The restaurant was in a part of town that was being aggressively developed. Glass towers, sea-green, loomed above an over-lit square bisected by a pedestrian-only street. The thick curved necks of enormous streetlamps swooped down at us, blasting with acidic light. Everything had been built at once so there was no variation, no uneven patina of wear. Storefronts and signage popped bright and loud. The whole scene looked as if it had been lifted from Disneyland, creating the uncanny effect of a town built to imitate an amusement park built in imitation of a town. (Somewhere, a first-year grad student hunched over a laptop writing a term paper about it, titled something like “Simulacrum by the Sea.”)

My parents sat side by side.

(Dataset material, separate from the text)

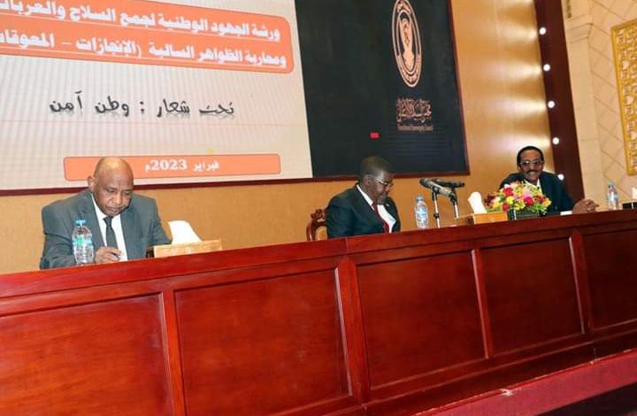 من جانبه قال الفريق ركن دكتور عبد الهادي عبد الله عثمان أن انتشار السلاح العشوائي يعد أبرز مهددات الأمن والسلام بالبلاد حيث يساعد في الاتجار بالبشر وتجارة المخدرات والتهريب والحروب القبيلة، كاشفا عن ثمانية ملايين قطعة سلاح مخبأة بأيدي المواطنين وان اللجنة العليا لجمع السلاح تمكنت من جمع حوالي 300 ألف قطعة سلاح في الفترة ما بين العام 2016 الى العام 2020 وتمت إبادتها، مؤكدا ان اللجنة تراقب وتعمل على منع انتشار السلاح ودخوله الى البلاد عبر 64 معبرا حدوديا مع دول الجوار .

My mother leaned toward my father, their shoulders touching, her fingertip tracing lines of the menu he couldn’t make out in the restaurant’s faint lighting. They looked small there, together. As my mother read out loud from the list of wines, my father buttered a shiny dinner roll and placed it in front of her. I felt a quick and painful surge of love for them. The food was good, my mother kept commenting on it, repeating how glad she was to be there, her voice a little loud, giddy with her second glass of wine. When my father hesitated to join her, I offered to drive home and switched to water. I would let them enjoy the night.

We finished our meals and wandered back outside, the evening sticky after the air-conditioned restaurant. We did a slow loop up the promenade, stopping to look in the windows of shops, closed for the holiday. My motheroohedandaahed, pointing things out to me, my father a few steps ahead. We looped back, down the other side, waiting in front of the restaurant for the valet to bring the car.

“Evelyn! Michael!”

A small woman, my mother’s age, waving and walking toward us.